Владимир Вейхман » 25 Октябрь 2008 17:10
Владимир Вейхман
ДЕРЖИ НА НОРД
Гидрография – наука, занимающаяся исследованием и описанием океанов и морей, их формы, размеров, характера берегов, глубин, рельефа и грунтов дна с целью обеспечения безопасности плавания, разработки природных ресурсов и создания благоприятных навигационных условий для судоходства.
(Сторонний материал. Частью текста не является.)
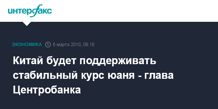 Пекин. 6 марта. ИНТЕРФАКС-КИТАЙ - Китай намерен поддерживать стабильный курс национальной валюты, заявил в субботу на пресс-конференции в рамках проходящей сессии Всекитайского собрания народных представителей (ВСНП, высший орган государственной власти Китая) председатель Народного банка Китая Чжоу Сяочуань.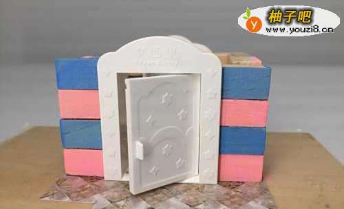 4然后贴点湖水纸,粘上树,铺上草粉。在门口、周围摆上动物及娃娃。漂亮的房子就完工了。

В приемную начальника училища я зашел по своим аспирантским делам. Вошедшая следом немолодая, но по-прежнему красивая женщина заговорила со мною: «Извините, я вот по какому делу. Мой муж учился в Гидрографическом институте. Его в 38-м арестовали. Я запрос послала в прокуратуру. Мне пришел ответ, что его уголовное дело прекращено “за отсутствием состава преступления”. Я слышала, что мне положена компенсация за погибшего мужа – его стипендия за два месяца. А недавно я встретила Виктора, друга Николая – они вместе в Арктике зимовали. Виктор посоветовал обратиться сюда, он сказал, что ваше училище – правопреемник Гидрографического института. Как вы думаете, примет меня начальник училища?»
Начальника училища на месте не было, в ожидании его прихода мы присели, утонув в глубоких кожаных креслах. Я осторожно спросил: «А что случилось с вашим мужем?»
«Ой, это длинная история.… Мы с Николаем познакомились еще в 36-м, а через год, перед его уходом на производственную практику, поженились. Друзья у него были – один к одному. В нашей комнатенке собирались, всегда песню свою любимую орали:
“Терпи немного, держи на норд,
Трудна дорога, но виден порт.
Ты будешь первым, не сядь на мель,
Чем крепче нервы, тем ближе цель!”
Вот такие они были, полярные гидрографы.
Я работала тогда чертежницей в Гидрографическом управлении Главсевморпути. Николай ушел на практику на ледокольном пароходе “Седов”. Их там, из Гидрографического института, было двадцать два студента – кто после третьего, кто после четвертого курса. Командовал экспедицией сам Орловский, Петр Владимирович, начальник нашего управления. Полярник был, как говорили, от Бога – столько островов открыл, столько экспедиций организовал. А в этот раз на “Седове” пошли искать Землю Санникова, – слышали, наверное, о ней академик Обручев еще книжку написал, – фантазия, конечно. Сначала обследовали пролив между Новосибирскими островами. За это даже благодарность получили, и от Отто Юльевича Шмидта, и от наркома Ворошилова. А Землю Санникова так до сих пор и не нашли, хоть “Седов” и дрейфовал в тех местах.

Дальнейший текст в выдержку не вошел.